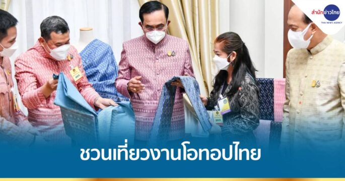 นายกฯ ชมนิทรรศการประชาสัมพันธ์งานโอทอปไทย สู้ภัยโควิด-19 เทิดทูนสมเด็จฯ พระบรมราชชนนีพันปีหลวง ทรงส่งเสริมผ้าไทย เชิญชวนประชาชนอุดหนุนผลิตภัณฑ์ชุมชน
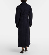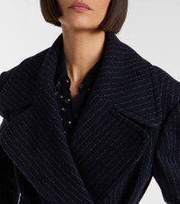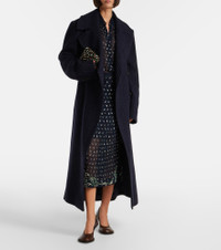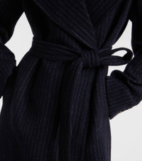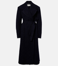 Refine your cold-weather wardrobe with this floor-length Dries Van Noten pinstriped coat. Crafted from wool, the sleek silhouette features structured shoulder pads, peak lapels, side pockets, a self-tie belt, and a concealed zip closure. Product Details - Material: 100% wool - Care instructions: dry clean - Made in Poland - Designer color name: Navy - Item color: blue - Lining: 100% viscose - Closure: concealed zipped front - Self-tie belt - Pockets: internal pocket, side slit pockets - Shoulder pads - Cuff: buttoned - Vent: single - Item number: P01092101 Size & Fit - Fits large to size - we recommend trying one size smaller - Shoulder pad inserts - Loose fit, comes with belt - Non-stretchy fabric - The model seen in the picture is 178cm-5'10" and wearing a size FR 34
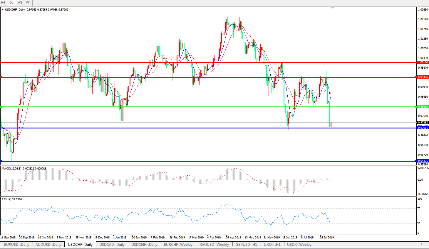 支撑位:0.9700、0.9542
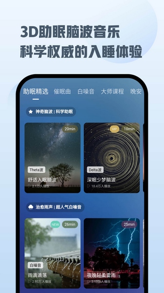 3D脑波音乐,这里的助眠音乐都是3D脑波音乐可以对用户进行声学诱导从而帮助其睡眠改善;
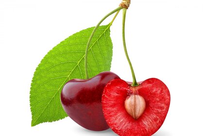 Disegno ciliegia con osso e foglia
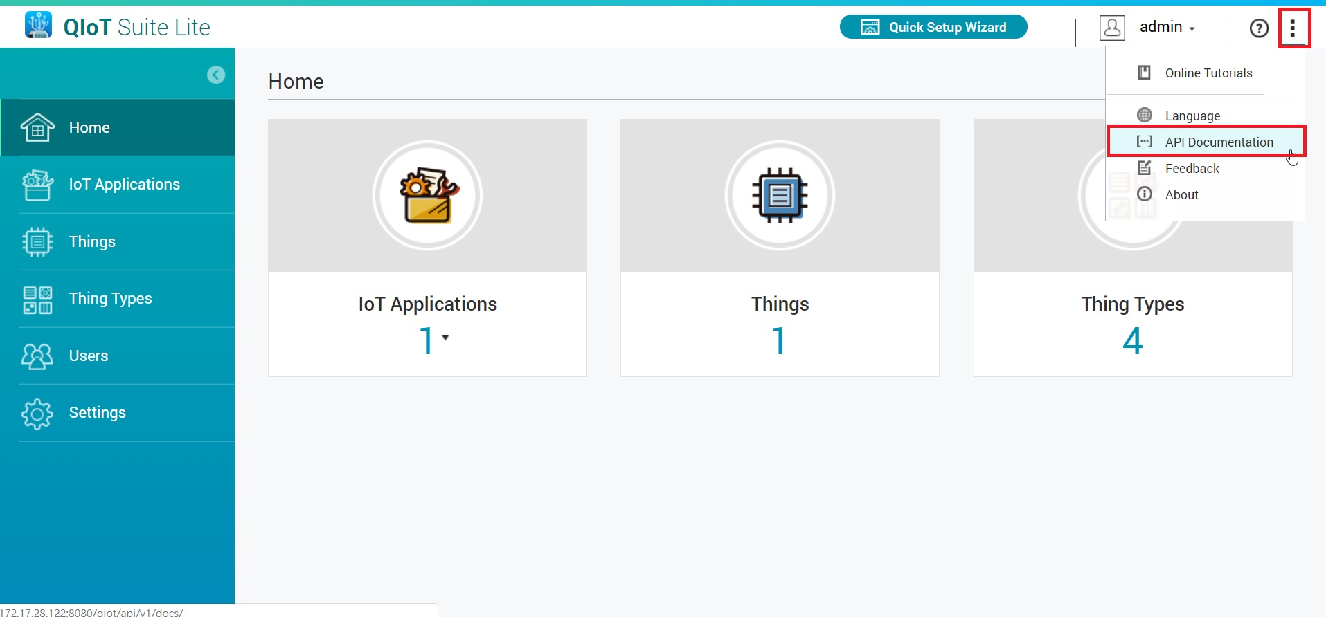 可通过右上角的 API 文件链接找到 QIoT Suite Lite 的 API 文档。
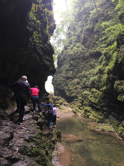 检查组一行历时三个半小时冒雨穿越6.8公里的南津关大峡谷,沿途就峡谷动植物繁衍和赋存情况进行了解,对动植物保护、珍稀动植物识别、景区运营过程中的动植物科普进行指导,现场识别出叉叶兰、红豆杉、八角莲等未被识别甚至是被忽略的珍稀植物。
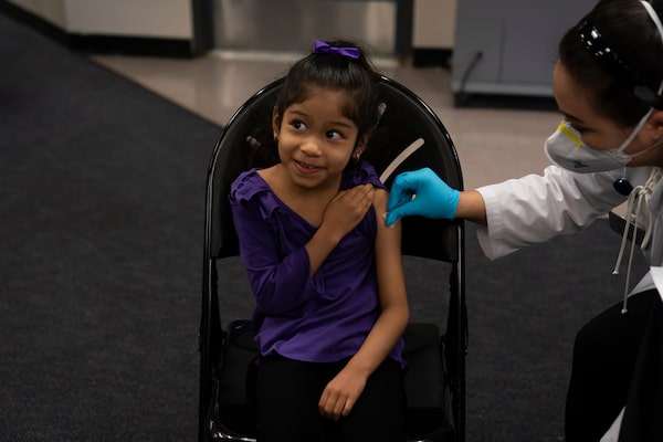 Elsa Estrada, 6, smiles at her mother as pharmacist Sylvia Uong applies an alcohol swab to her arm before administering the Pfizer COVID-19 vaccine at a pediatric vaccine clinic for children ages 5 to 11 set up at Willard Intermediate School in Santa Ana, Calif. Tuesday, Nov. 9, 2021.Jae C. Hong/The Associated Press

□ □ □ □ □

Repeat all the records exactly, images excluded.

_OUTPUT OF THE TASK:_
 นายกฯ ชมนิทรรศการประชาสัมพันธ์งานโอทอปไทย สู้ภัยโควิด-19 เทิดทูนสมเด็จฯ พระบรมราชชนนีพันปีหลวง ทรงส่งเสริมผ้าไทย เชิญชวนประชาชนอุดหนุนผลิตภัณฑ์ชุมชน
 Refine your cold-weather wardrobe with this floor-length Dries Van Noten pinstriped coat. Crafted from wool, the sleek silhouette features structured shoulder pads, peak lapels, side pockets, a self-tie belt, and a concealed zip closure. Product Details - Material: 100% wool - Care instructions: dry clean - Made in Poland - Designer color name: Navy - Item color: blue - Lining: 100% viscose - Closure: concealed zipped front - Self-tie belt - Pockets: internal pocket, side slit pockets - Shoulder pads - Cuff: buttoned - Vent: single - Item number: P01092101 Size & Fit - Fits large to size - we recommend trying one size smaller - Shoulder pad inserts - Loose fit, comes with belt - Non-stretchy fabric - The model seen in the picture is 178cm-5'10" and wearing a size FR 34
 支撑位:0.9700、0.9542
 3D脑波音乐,这里的助眠音乐都是3D脑波音乐可以对用户进行声学诱导从而帮助其睡眠改善;
 Disegno ciliegia con osso e foglia
 可通过右上角的 API 文件链接找到 QIoT Suite Lite 的 API 文档。
 检查组一行历时三个半小时冒雨穿越6.8公里的南津关大峡谷,沿途就峡谷动植物繁衍和赋存情况进行了解,对动植物保护、珍稀动植物识别、景区运营过程中的动植物科普进行指导,现场识别出叉叶兰、红豆杉、八角莲等未被识别甚至是被忽略的珍稀植物。
 Elsa Estrada, 6, smiles at her mother as pharmacist Sylvia Uong applies an alcohol swab to her arm before administering the Pfizer COVID-19 vaccine at a pediatric vaccine clinic for children ages 5 to 11 set up at Willard Intermediate School in Santa Ana, Calif. Tuesday, Nov. 9, 2021.Jae C. Hong/The Associated Press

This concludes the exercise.